DATA FOR THIS EXERCISE section start

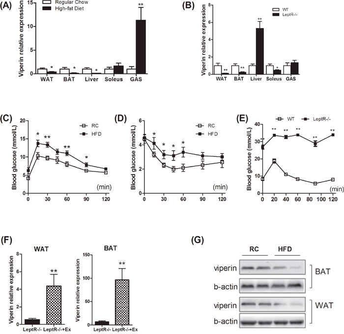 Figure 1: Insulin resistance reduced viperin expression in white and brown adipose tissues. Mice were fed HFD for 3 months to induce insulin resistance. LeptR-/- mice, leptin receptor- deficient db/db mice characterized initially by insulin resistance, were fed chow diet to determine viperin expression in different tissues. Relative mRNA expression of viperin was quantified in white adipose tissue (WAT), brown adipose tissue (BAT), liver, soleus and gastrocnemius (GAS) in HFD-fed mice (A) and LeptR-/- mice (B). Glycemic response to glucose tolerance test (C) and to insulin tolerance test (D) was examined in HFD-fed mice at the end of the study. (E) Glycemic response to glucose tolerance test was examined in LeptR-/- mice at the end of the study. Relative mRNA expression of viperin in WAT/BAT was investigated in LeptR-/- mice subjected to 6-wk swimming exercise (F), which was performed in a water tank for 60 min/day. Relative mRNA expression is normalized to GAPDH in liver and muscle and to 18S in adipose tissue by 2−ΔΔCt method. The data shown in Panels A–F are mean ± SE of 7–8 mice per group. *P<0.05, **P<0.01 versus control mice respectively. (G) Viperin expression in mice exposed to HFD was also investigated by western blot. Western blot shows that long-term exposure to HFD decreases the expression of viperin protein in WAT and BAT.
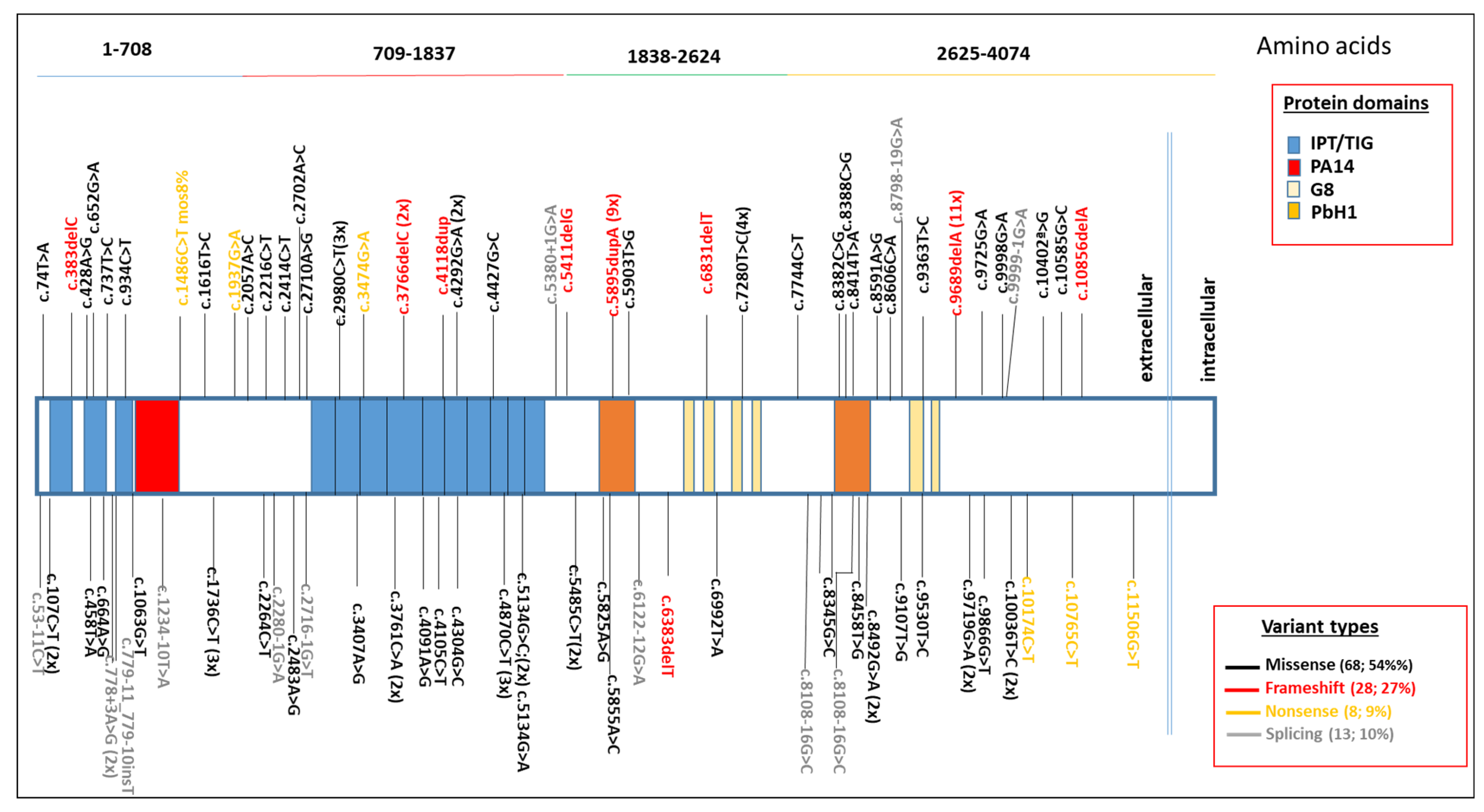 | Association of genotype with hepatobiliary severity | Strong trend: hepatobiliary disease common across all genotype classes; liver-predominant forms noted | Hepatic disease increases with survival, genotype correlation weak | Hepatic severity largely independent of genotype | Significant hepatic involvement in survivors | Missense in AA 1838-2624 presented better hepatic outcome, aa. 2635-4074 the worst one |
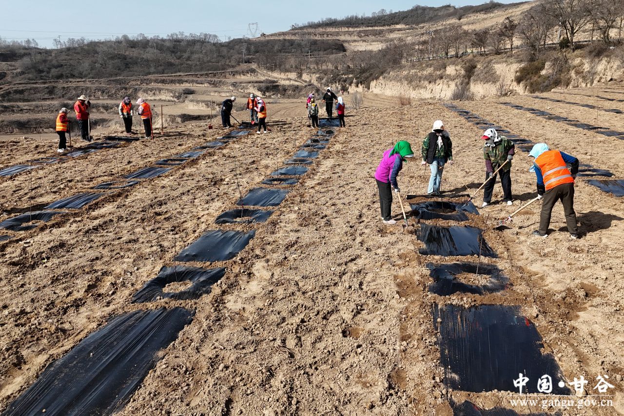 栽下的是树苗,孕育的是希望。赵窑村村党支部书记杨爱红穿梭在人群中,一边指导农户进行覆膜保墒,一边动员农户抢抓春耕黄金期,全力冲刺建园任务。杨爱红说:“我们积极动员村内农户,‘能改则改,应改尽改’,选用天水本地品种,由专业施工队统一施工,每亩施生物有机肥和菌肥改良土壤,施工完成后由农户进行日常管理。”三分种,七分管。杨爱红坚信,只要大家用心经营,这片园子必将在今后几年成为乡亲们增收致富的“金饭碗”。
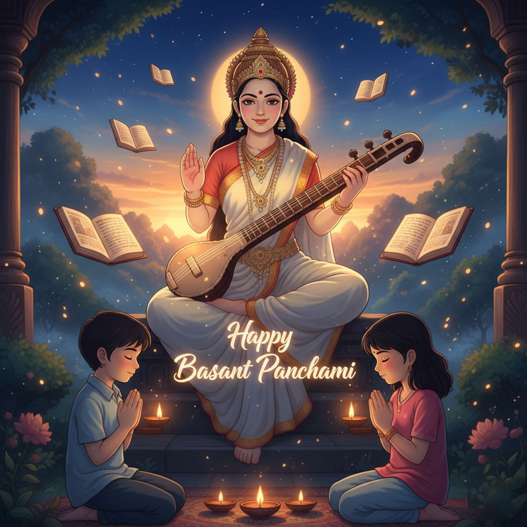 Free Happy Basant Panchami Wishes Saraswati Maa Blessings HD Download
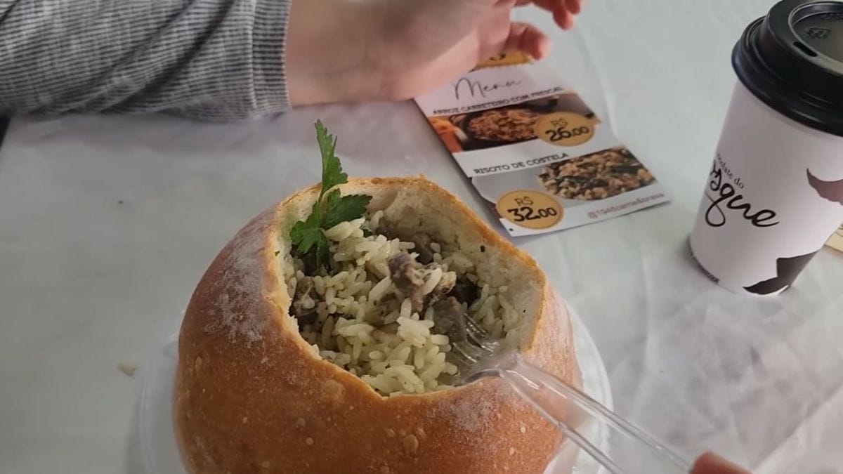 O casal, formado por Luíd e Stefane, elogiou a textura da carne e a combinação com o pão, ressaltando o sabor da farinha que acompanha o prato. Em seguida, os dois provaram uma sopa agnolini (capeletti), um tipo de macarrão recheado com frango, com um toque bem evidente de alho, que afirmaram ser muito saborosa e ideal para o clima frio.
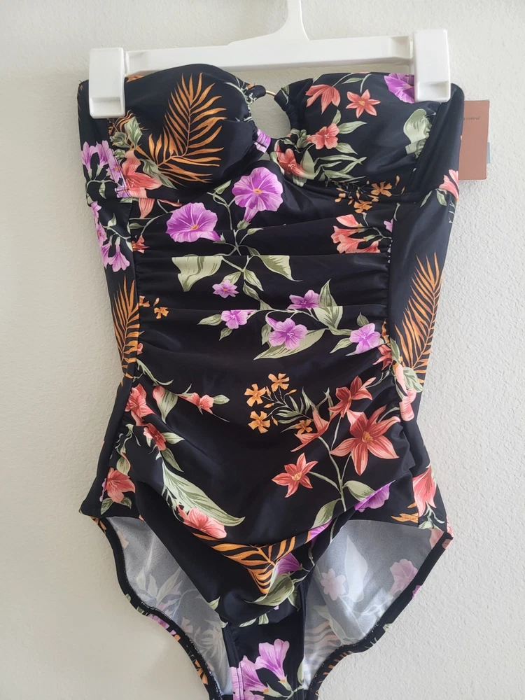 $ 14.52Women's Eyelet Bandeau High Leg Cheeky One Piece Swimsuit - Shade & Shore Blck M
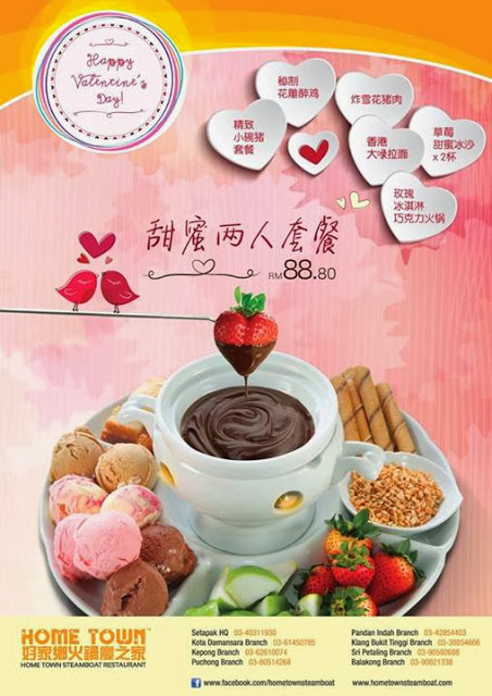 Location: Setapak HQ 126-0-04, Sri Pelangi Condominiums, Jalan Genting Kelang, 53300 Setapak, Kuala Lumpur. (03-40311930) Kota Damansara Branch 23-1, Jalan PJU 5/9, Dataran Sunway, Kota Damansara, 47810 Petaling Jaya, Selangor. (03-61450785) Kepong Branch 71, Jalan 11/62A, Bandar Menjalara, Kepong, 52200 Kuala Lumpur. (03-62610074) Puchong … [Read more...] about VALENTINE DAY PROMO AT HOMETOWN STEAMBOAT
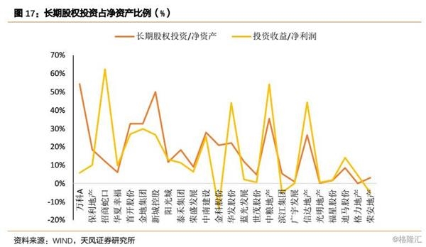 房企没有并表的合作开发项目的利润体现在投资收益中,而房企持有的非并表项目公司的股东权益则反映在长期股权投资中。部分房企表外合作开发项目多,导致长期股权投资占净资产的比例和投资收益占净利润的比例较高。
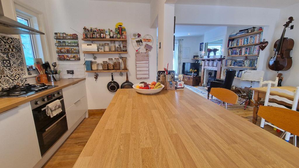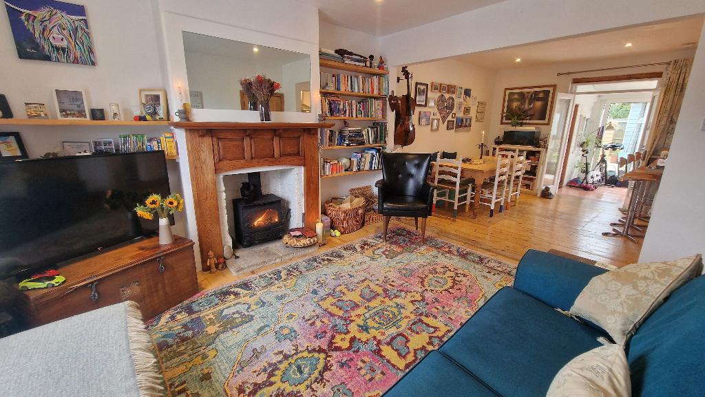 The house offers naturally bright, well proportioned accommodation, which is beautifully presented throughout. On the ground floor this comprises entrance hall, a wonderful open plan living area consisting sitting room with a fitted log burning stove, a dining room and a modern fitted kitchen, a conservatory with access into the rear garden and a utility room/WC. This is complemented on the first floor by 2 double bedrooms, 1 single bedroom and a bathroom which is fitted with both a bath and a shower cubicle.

DATA FOR THIS EXERCISE section end

— WHAT TO WORK ON —
Return every entry from the listing above exactly as it stands, leaving out any picture.

— RESULT OF THIS TASK —
 Figure 1: Insulin resistance reduced viperin expression in white and brown adipose tissues. Mice were fed HFD for 3 months to induce insulin resistance. LeptR-/- mice, leptin receptor- deficient db/db mice characterized initially by insulin resistance, were fed chow diet to determine viperin expression in different tissues. Relative mRNA expression of viperin was quantified in white adipose tissue (WAT), brown adipose tissue (BAT), liver, soleus and gastrocnemius (GAS) in HFD-fed mice (A) and LeptR-/- mice (B). Glycemic response to glucose tolerance test (C) and to insulin tolerance test (D) was examined in HFD-fed mice at the end of the study. (E) Glycemic response to glucose tolerance test was examined in LeptR-/- mice at the end of the study. Relative mRNA expression of viperin in WAT/BAT was investigated in LeptR-/- mice subjected to 6-wk swimming exercise (F), which was performed in a water tank for 60 min/day. Relative mRNA expression is normalized to GAPDH in liver and muscle and to 18S in adipose tissue by 2−ΔΔCt method. The data shown in Panels A–F are mean ± SE of 7–8 mice per group. *P<0.05, **P<0.01 versus control mice respectively. (G) Viperin expression in mice exposed to HFD was also investigated by western blot. Western blot shows that long-term exposure to HFD decreases the expression of viperin protein in WAT and BAT.
 | Association of genotype with hepatobiliary severity | Strong trend: hepatobiliary disease common across all genotype classes; liver-predominant forms noted | Hepatic disease increases with survival, genotype correlation weak | Hepatic severity largely independent of genotype | Significant hepatic involvement in survivors | Missense in AA 1838-2624 presented better hepatic outcome, aa. 2635-4074 the worst one |
 栽下的是树苗,孕育的是希望。赵窑村村党支部书记杨爱红穿梭在人群中,一边指导农户进行覆膜保墒,一边动员农户抢抓春耕黄金期,全力冲刺建园任务。杨爱红说:“我们积极动员村内农户,‘能改则改,应改尽改’,选用天水本地品种,由专业施工队统一施工,每亩施生物有机肥和菌肥改良土壤,施工完成后由农户进行日常管理。”三分种,七分管。杨爱红坚信,只要大家用心经营,这片园子必将在今后几年成为乡亲们增收致富的“金饭碗”。
 Free Happy Basant Panchami Wishes Saraswati Maa Blessings HD Download
 O casal, formado por Luíd e Stefane, elogiou a textura da carne e a combinação com o pão, ressaltando o sabor da farinha que acompanha o prato. Em seguida, os dois provaram uma sopa agnolini (capeletti), um tipo de macarrão recheado com frango, com um toque bem evidente de alho, que afirmaram ser muito saborosa e ideal para o clima frio.
 $ 14.52Women's Eyelet Bandeau High Leg Cheeky One Piece Swimsuit - Shade & Shore Blck M
 Location: Setapak HQ 126-0-04, Sri Pelangi Condominiums, Jalan Genting Kelang, 53300 Setapak, Kuala Lumpur. (03-40311930) Kota Damansara Branch 23-1, Jalan PJU 5/9, Dataran Sunway, Kota Damansara, 47810 Petaling Jaya, Selangor. (03-61450785) Kepong Branch 71, Jalan 11/62A, Bandar Menjalara, Kepong, 52200 Kuala Lumpur. (03-62610074) Puchong … [Read more...] about VALENTINE DAY PROMO AT HOMETOWN STEAMBOAT
 房企没有并表的合作开发项目的利润体现在投资收益中,而房企持有的非并表项目公司的股东权益则反映在长期股权投资中。部分房企表外合作开发项目多,导致长期股权投资占净资产的比例和投资收益占净利润的比例较高。
 The house offers naturally bright, well proportioned accommodation, which is beautifully presented throughout. On the ground floor this comprises entrance hall, a wonderful open plan living area consisting sitting room with a fitted log burning stove, a dining room and a modern fitted kitchen, a conservatory with access into the rear garden and a utility room/WC. This is complemented on the first floor by 2 double bedrooms, 1 single bedroom and a bathroom which is fitted with both a bath and a shower cubicle.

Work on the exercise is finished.